> **Given data**:
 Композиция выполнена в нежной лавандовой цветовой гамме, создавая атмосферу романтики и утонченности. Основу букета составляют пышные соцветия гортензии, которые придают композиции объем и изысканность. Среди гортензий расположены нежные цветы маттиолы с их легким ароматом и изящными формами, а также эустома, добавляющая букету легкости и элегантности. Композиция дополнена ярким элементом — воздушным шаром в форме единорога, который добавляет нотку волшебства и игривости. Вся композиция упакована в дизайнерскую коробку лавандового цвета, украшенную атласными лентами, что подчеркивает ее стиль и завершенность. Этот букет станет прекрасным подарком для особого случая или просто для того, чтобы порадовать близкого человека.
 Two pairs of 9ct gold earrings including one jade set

...

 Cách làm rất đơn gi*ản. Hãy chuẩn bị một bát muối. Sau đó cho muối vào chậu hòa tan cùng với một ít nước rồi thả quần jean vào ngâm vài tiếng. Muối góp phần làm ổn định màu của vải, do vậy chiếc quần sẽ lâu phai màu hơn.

...

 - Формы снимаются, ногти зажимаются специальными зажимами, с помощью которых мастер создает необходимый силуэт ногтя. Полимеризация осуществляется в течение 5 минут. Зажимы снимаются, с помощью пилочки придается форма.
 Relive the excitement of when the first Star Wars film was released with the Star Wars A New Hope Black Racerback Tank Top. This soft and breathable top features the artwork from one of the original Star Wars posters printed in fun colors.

> **What the exercise asks**: Of the entries above, repeat exactly the lines between the line with "- Формы снимаются, ногти" and the line with "Relive the excitement", inclusive, and no others.

> **Solution**:
 - Формы снимаются, ногти зажимаются специальными зажимами, с помощью которых мастер создает необходимый силуэт ногтя. Полимеризация осуществляется в течение 5 минут. Зажимы снимаются, с помощью пилочки придается форма.
 Relive the excitement of when the first Star Wars film was released with the Star Wars A New Hope Black Racerback Tank Top. This soft and breathable top features the artwork from one of the original Star Wars posters printed in fun colors.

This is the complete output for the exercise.